Мюзикл – интересная вещь, если попадаешь туда по личному приглашению, а не через кастинг. Мало кто знает: в мюзиклы идет строжайший отбор актеров, их выбирают как лошадей. Мне это никогда не нравилось, я категорически против такой практики. Это американский подход, там у них все очень жестко, а русский подход всегда был другим. Наверное, моделей можно поставить в ряд, чтобы сравнить, но не людей творческих профессий. Впрочем, ситуация меняется.

Сейчас уже таких жестких кастингов нет, режиссеры целенаправленно набирают актеров на роли.

– Почему?

– У нас образовался свой мюзикловый рынок со своими звездами и правилами. Режиссеры поняли, что кастинги, куда приходят 150 человек на роль, просто не нужны. Все равно из этих 150 человек выберут трех реальных артистов, которые одновременно могут петь и танцевать.

Советую выбрать более жизненную профессию

– А как вы попали в шоу-бизнес, насколько мне известно, ваши родители не имели к нему никакого отношения?

– Папа у меня – изобретатель, у него множество патентов, в основном изобретения в сфере медицины. Мама – главный экономист НПО «Астрофизика».

Я хотел быть ветеринаром и поступить в Тимирязевскую сельхозакадемию, на зооинженерный факультет. Но не добрал балл и поступил на экономический факультет. Учиться там было скучно, и через год втайне от отца я поступил в ГИТИС.

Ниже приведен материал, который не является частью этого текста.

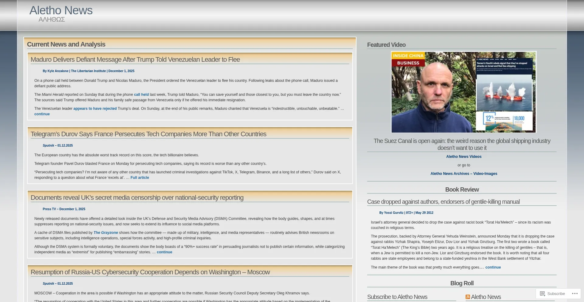 Maduro Delivers Defiant Message After Trump Told Venezuelan Leader to Flee By Kyle Anzalone | The Libertarian Institute | December 1, 2025 On a phone call held between Donald T...

Он очень оскорбился и обиделся, но когда я записал песни «Бери шинель» и «На безымянной высоте», сдался, сказав: «Ладно, наверное, действительно есть талант».

Но если кто-то сейчас выбирает между стандартной работой – например, ветврача, дантиста, хирурга, электрика или певца, актера, я советую выбирать более жизненную профессию. Профессия артиста, певца – штучная, стать там популярным почти невозможно, найти свое место адски сложно. Это ежедневная работа на протяжении десятилетий.

Мне приятно, что я спас жизнь

– Вы более двадцати лет занимаетесь добровольческой деятельностью, в частности, курируете Шереметьевский приют для собак. Насколько мне известно, у вас дома есть животные. С кем оставляете, когда на гастролях?

– С моими доверенными людьми. Именно доверенными, потому что собаки крупные, не все спокойные и уравновешенные. Некоторые как ружье, не знаешь, когда выстрелит. Тут нужны люди, которые понимают, что такое 45-килограммовая собака.

Собак у меня сейчас две: родезийский риджбек и американский булли. Первую я нашел, вторую подарили.

Риджбека Герду 10 лет назад я нашел около помойки после того, как ее выбросили бывшие хозяева.

Не так давно я был на гастролях во Владикавказе с театром Вахтангова и попросил пригласить на выступление волонтеров, которые спасают собак в Северной Осетии. Потом ко мне подошла женщина и сказала: «У нас есть собака, ее купили за 300 тысяч рублей и хотят отдать на собачьи бои, потому что щенок оказался слишком добрый, возьмите».

И вот первый раз у меня добрая собака, которая никого не кусает, ничего не портит, кроме обуви, на людей не кидается. Мне приятно, что я спас этому песику жизнь, и благодарен людям, которые отдают себя, деньги, время на спасение этих маленьких душ. Я очень уважаю волонтеров.

– А предыдущие собаки все были агрессивные?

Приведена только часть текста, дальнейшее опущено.